SOURCE RECORDS START

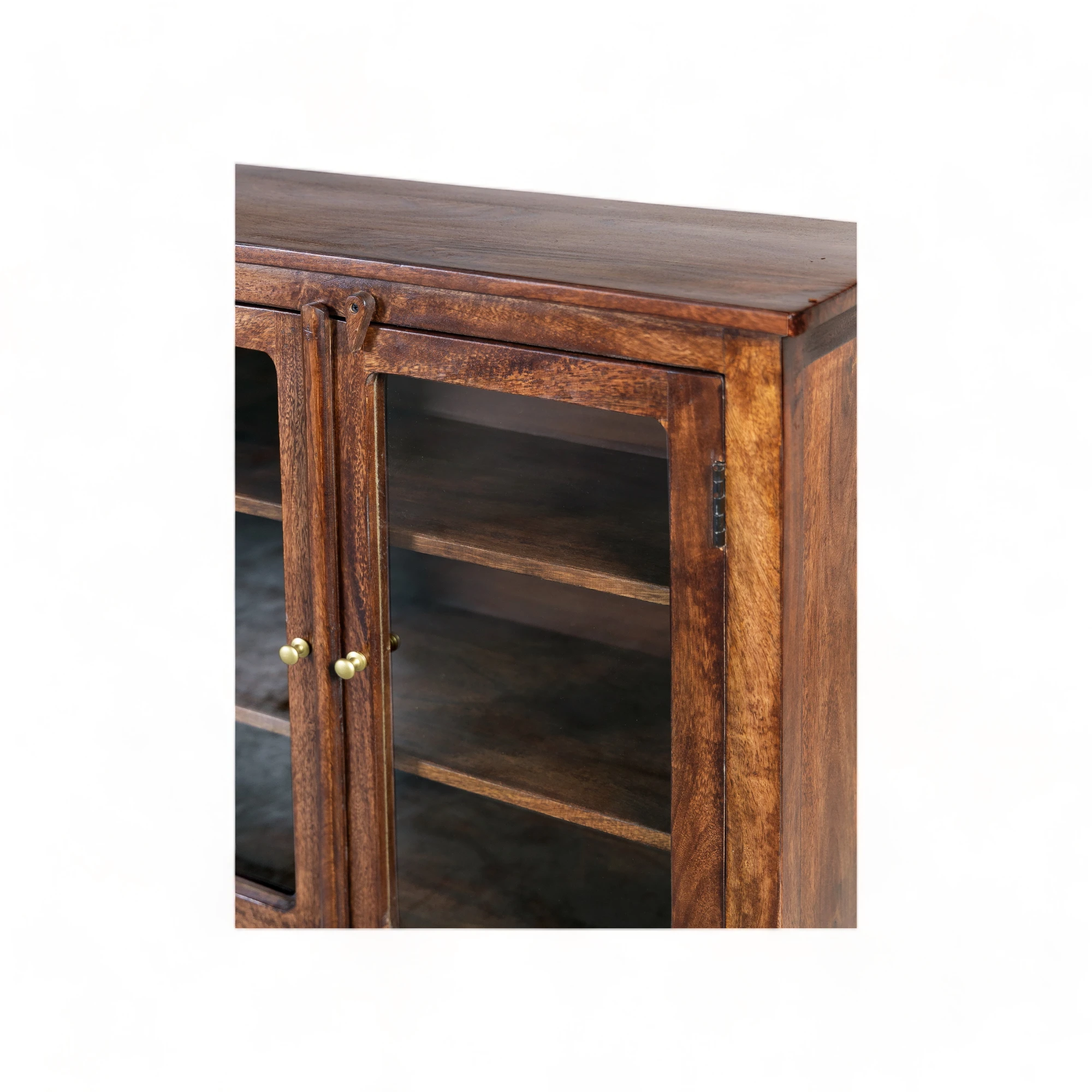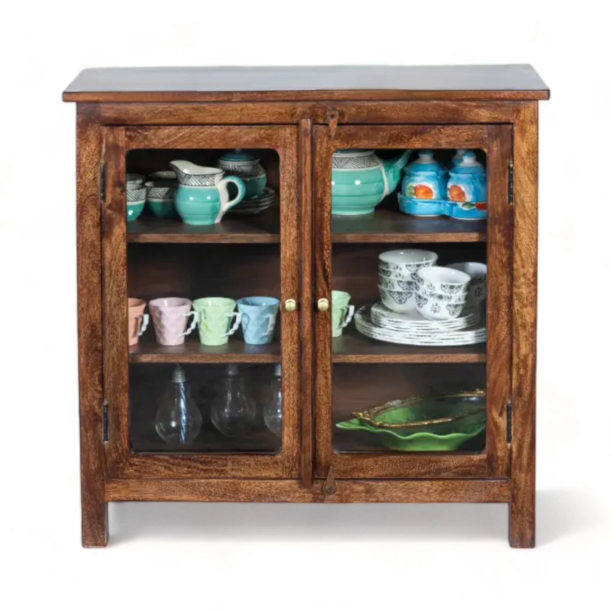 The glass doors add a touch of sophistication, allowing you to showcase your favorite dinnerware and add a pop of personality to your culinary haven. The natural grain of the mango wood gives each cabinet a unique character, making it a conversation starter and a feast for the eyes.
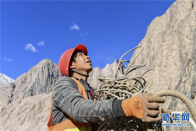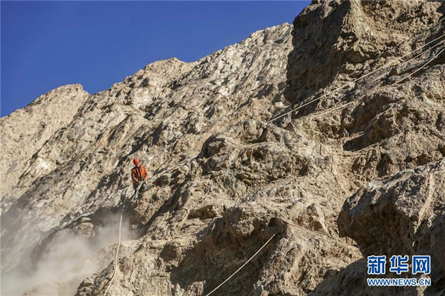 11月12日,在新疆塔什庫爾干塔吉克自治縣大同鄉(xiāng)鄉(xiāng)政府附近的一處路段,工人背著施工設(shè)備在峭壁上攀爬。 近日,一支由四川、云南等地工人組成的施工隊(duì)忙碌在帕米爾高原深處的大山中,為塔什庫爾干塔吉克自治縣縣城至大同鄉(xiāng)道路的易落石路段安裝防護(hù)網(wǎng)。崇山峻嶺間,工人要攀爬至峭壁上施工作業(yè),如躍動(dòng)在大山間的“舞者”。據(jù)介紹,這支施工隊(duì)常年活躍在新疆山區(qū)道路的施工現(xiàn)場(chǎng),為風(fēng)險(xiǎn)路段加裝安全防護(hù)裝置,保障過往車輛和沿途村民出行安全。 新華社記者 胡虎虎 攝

SOURCE RECORDS END
SOURCE RECORDS START

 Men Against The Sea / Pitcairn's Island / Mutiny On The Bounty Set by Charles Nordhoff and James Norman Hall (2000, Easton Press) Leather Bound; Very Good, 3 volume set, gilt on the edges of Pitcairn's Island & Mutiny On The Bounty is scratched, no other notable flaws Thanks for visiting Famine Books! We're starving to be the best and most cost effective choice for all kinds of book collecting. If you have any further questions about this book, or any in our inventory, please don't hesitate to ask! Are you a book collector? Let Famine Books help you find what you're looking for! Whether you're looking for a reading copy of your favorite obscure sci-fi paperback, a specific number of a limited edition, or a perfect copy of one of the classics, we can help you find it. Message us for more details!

SOURCE RECORDS END
SOURCE RECORDS START

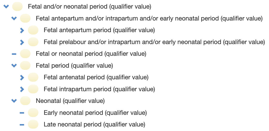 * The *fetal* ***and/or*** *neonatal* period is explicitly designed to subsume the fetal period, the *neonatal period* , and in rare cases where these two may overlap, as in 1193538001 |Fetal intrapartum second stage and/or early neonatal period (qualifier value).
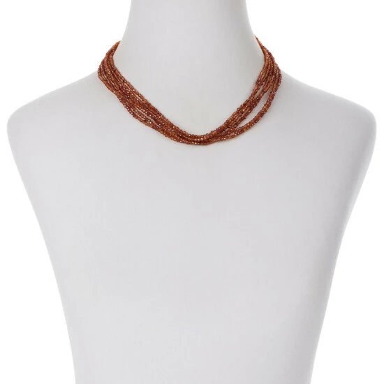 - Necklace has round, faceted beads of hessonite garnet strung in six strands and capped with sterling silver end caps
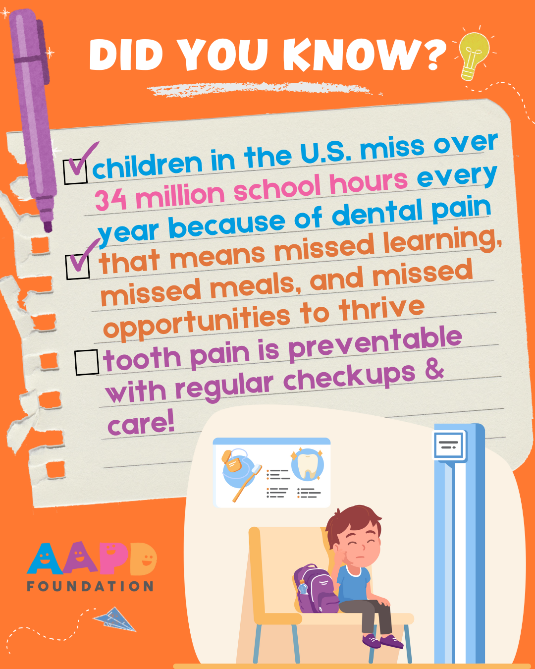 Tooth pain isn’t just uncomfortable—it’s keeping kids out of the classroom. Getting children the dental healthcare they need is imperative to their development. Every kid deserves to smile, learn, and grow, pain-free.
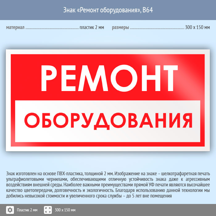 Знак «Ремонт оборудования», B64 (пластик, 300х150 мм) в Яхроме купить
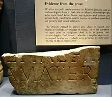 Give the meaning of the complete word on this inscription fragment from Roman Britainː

SOURCE RECORDS END

WHAT YOU ARE ASKED TO DO: Looking at the listing above, which lines run from the one containing "period (qualifier value)." through the one containing "в Яхроме купить"? Print exactly those, ends included, pictures excluded.

WRITTEN RESPONSE:
 * The *fetal* ***and/or*** *neonatal* period is explicitly designed to subsume the fetal period, the *neonatal period* , and in rare cases where these two may overlap, as in 1193538001 |Fetal intrapartum second stage and/or early neonatal period (qualifier value).
 - Necklace has round, faceted beads of hessonite garnet strung in six strands and capped with sterling silver end caps
 Tooth pain isn’t just uncomfortable—it’s keeping kids out of the classroom. Getting children the dental healthcare they need is imperative to their development. Every kid deserves to smile, learn, and grow, pain-free.
 Знак «Ремонт оборудования», B64 (пластик, 300х150 мм) в Яхроме купить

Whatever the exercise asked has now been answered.